Football féminin : À Guingamp, le grand bond en avant ?

Le championnat de D1 Féminines s’est achevé samedi rendant ainsi son verdict pour la section féminine de l’En Avant Guingamp. Septièmes sur douze au classement, l’EAG a vécu une saison moins agitée que la précédente. Rappelez-vous, il y a maintenant plus d’un an, les joueuses de Guingamp exerçaient leur droit de grève. Elles reprochaient alors leurs mauvaises conditions de travail.
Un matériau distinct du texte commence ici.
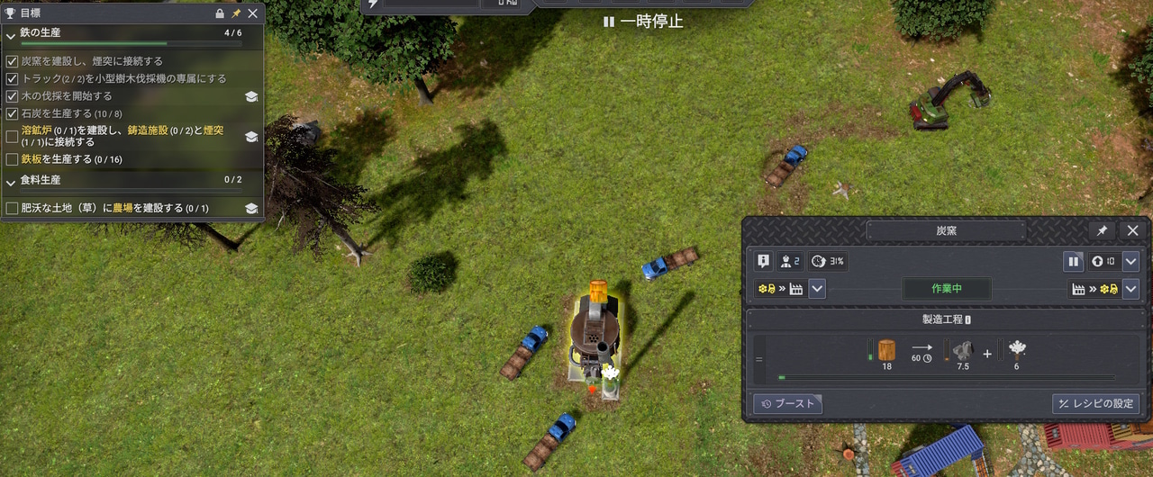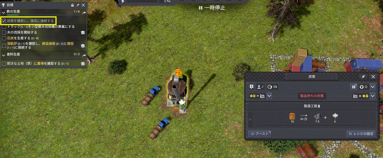 炭窯と煙突が完成したら、もう一度スペースキーを押して時間の進行を止めます。ここで目標の表示を見てみると、目標「鉄の生産」の最初の達成条件「炭窯を建設し、煙突に接続する」にチェックマークが入り、これが完了したことがわかります。
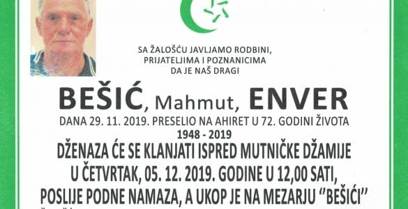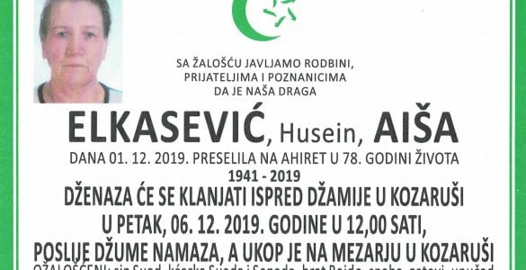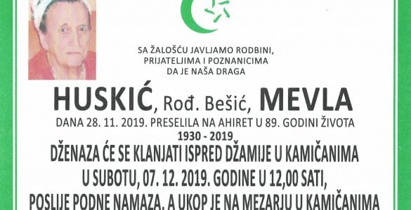 Tužna srca obavještavamo familiju, komšije i prijatelje da je naša draga: Huskić (rođ. Bešić) Mevla preselila na Ahiret dana 28. novembra 2019. godine u 89. godini života. RAHMETULLAHI ALEJHI-HA RAHMETEN VASIAH! Dženaza...

Après un changement d’entraîneure et le départ de plusieurs joueuses, l’heure est au bilan.

« C’était un cri du coeur, un ras-le-bol. » Entre déplacement en bus, panier-repas à leur charge et vestiaires insalubres, la liste des reproches des joueuses de l’En Avant Guingamp (EAG) était longue et chargée. Des conditions de travail précaires que les footballeuses de D1 ont dénoncé lors d’une grève le 8 février 2018. Un jeudi pas tout à fait comme les autres puisque Corinne Diacre, sélectionneure de l’Équipe de France de football féminine, se rend en Bretagne pour assister à l’entraînement de l’EAG. Problème, les joueuses et le staff font grève.

Motif invoqué ? Un désaccord sur les primes de Coupe de France. Or, le mal serait plus profond. Le groupe reproche au club de mauvaises conditions de travail qui se caractériseraient par un manque de moyen et d’écoute. Le président Bertrand Desplat décide alors de suspendre le groupe pour les 8èmes de finale de Coupe de France du 11 février face à Brest (défaite 3-0 des U19). Une sanction qu’il lève dès le lundi 12 février. Le lendemain, la direction du club reçoit chaque joueuse pour échanger.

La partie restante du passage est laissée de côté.